In the waning weeks leading up to the election, numerous platforms have cracked down on QAnon, the baseless conspiracy theory positioning Trump as a savior from an evil deep-state leftist cabal. Facebook announced it would be banning the conspiracy theory, and Etsy has also revealed that it would be removing QAnon-related merchandise from the platform.
On one platform, however, QAnon-related merchandise thrives: Amazon. The behemoth marketplace is replete with QAnon content, from hats emblazoned with slogans referencing the conspiracy theory to mugs to onesies. Amazon declined to comment for this story regarding QAnon content on the platform.
A search for WWG1WGA — or “where we go one, we go all,” the unofficial slogan of the movement — yields seven pages of results (at the time of publication), including denim-washed baseball caps, flags, books, decals, and T-shirts bearing the slogan. A search for “follow the white rabbit,” a popular QAnon slogan, yields keychain rings, hats, bumper stickers, and mugs, some of which are available on Amazon Prime. Even a search for “the great awakening” — an otherwise benign term that has been coopted by the movement — surfaces a QAnon-related book as one of its primary results.
Amazon has long taken a haphazard, patchwork approach to policing merchandise for sale on its platform. Though its policies explicitly prohibit “products that promote, incite or glorify hatred, violence, racial, sexual or religious intolerance or promote organizations with such views,” it has long served as a bastion of white nationalist content, with a ProPublica investigation finding as recently as last spring that the platform actively promoted such books.
In 2019, after receiving criticism regarding spreading medical misinformation by hosting anti-vaxx content, Amazon removed a number of books promoting the idea that vaccines cause autism, as well as a handful of popular “documentaries” including the notorious anti-vaccine film Vaxxed. Yet it’s still relatively easy to find such content on the platform, and medical misinformation experts have publicly taken the platform to task for failing to appropriately police such items. (Amazon did not respond to Rolling Stone‘s questions about anti-vaccine content on the website.)
Under its offensive materials policy, Amazon’s content guidelines prohibit “products that promote, incite or glorify hatred, violence, racial, sexual or religious intolerance or promote organizations with such views.” Kathleen Stansberry, associate professor of communications at Elon University, says QAnon, which has a great deal of overlap with anti-Semitic conspiracy theories, falls in that category. “We should look to the experts to identify groups for inciting violence and those groups should be held accountable,” she says, citing the FBI’s referencing QAnon as a domestic terrorist threat.

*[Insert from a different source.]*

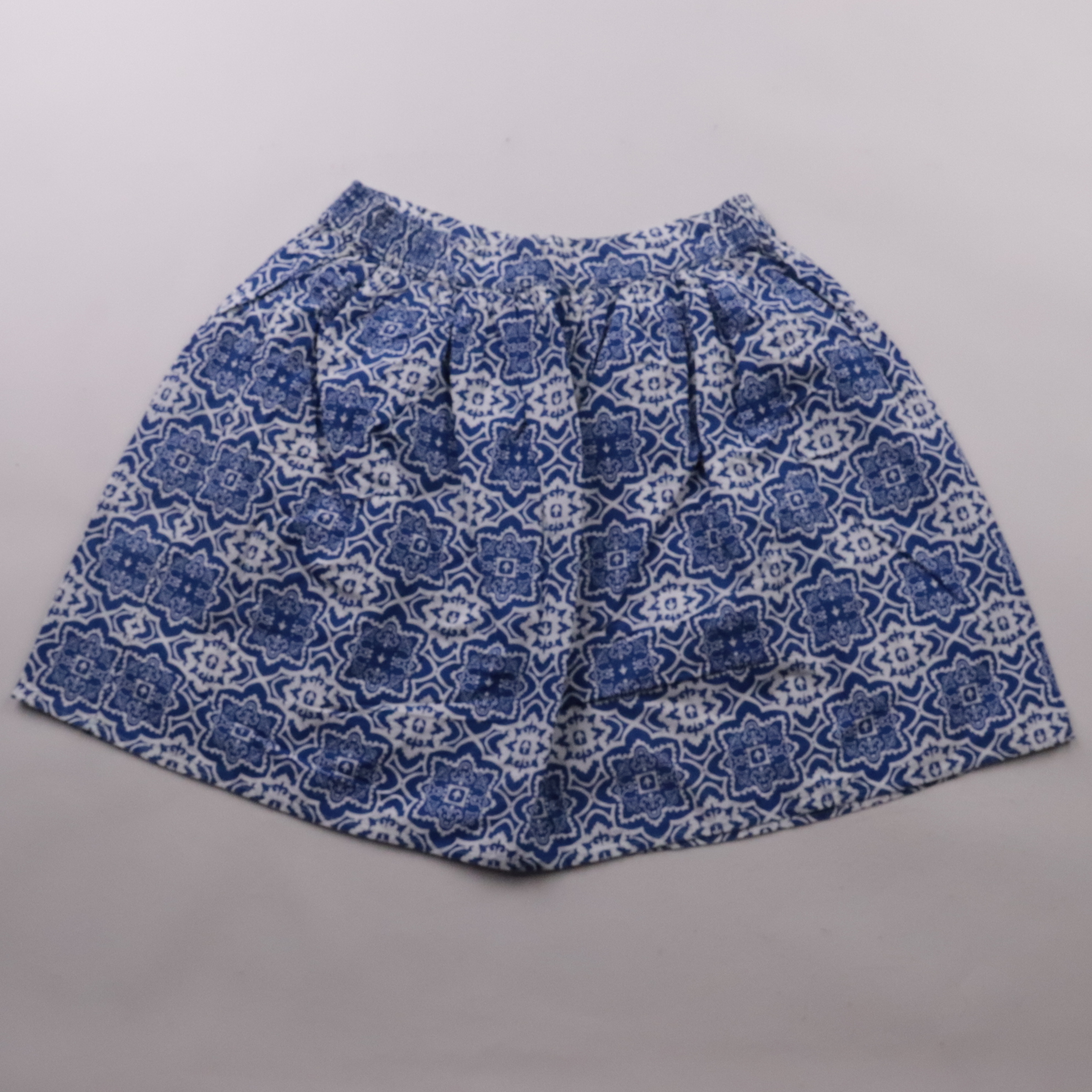 Юбка Atmosphere из 100% хлопка, бело-синяя с орнаментальным принтом и мягкими складками на талии. Подойдёт для летних прогулок и отдыха, легко сочетается с однотонными топами и футболками. Хлопок хорошо дышит и комфортен в жару.

A collection of just some of the QAnon merch items available on Amazon.com
Screengrab of Amazon.com
Last month, Amazon was criticized for donating to the reelection campaign for Tennessee state lawmaker Rep. Susan Lynn, who had publicly promoted QAnon on social media. In a statement to the Associated Press, Amazon said it had made a donation to Lynn’s campaign a year ago, and did not plan on making another one.
Stansberry says she “doesn’t see any reason” why Amazon could not take the same steps that sites like Etsy or Facebook have taken in scrubbing QAnon from the platform. Yet even though the platform has previously been criticized for hosting QAnon merchandise, it has not taken a stance either way on the conspiracy theory, even as other marketplaces like Etsy have. “Amazon has a strong policy in place to address offensive and controversial materials and products,” as Stansberry explains, “And they have a responsibility to enforce that policy to the best of their ability regardless of cost.”